So its my first dive on the Mighty O! My dive plan was to go the the hanger deck and poke around there for a bit then check out the superstructure. I cut tables for 170' with a 40 min bottom time and a total run time of 97 minutes and a contingency for 180' with a bottom time of 35 min and a total run time of 85 min. I'm running a 19/17 tri-mix in my back gas and deco'ing on 50% and 100%. Conditions were great, 2' light chop with an occasional 3 footer. Viz was probably 35-40 horizontal. The descent was smooth - no current. I hit the hangar deck at 175 - so I guess I'm on my contingency. I can't see the other side of the hull - all I can see is the outline of the large opening for the elevator on the port side - with the eerie blue light coming through it reminds me of the entrance to "Turtle Cave" in Sipadan.

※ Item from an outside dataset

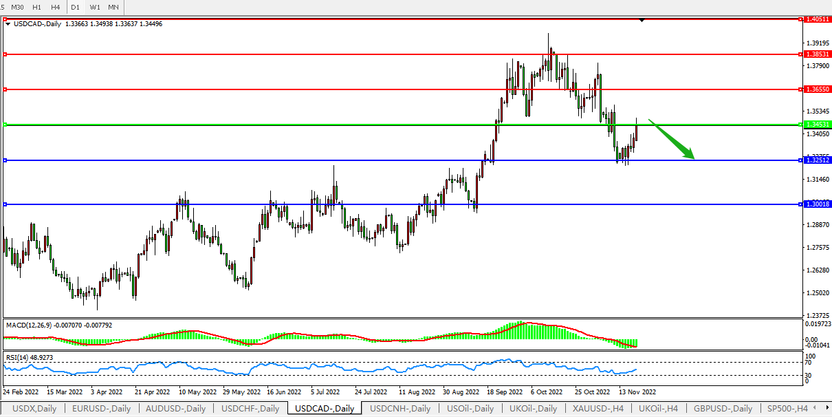 美元兑加元USDCAD 日线图:

I'm headed back from the hanger deck to check out the superstructure. Capt. Dalton comes up next to me, gun in hand, and we exchange the "OK." I turn my head to take in the sights and turn back to Dalton but he's now 25 feet below me and making a bee-line for the flight deck, can't really see what he's going after but he's clearly interested in something. So I'm thinking, "okay, this could get interesting." I come around pri-fly ( which contained three very large barracuda supervising flight operations) and now I see Dalton making a bee-line for the surface. Or - more accurately - I should say a gigantic cobia is making a bee line for the surface and Dalton is along for the ride, trying valiantly but with limited success to put the friggin' brakes on. Once again, I think: "Ok, so we're around 125' here, a quick trip to the surface and I'm picturing Dalton's lungs coming out through his nostrils. Maybe interesting isn't quite the word I'm searching for here."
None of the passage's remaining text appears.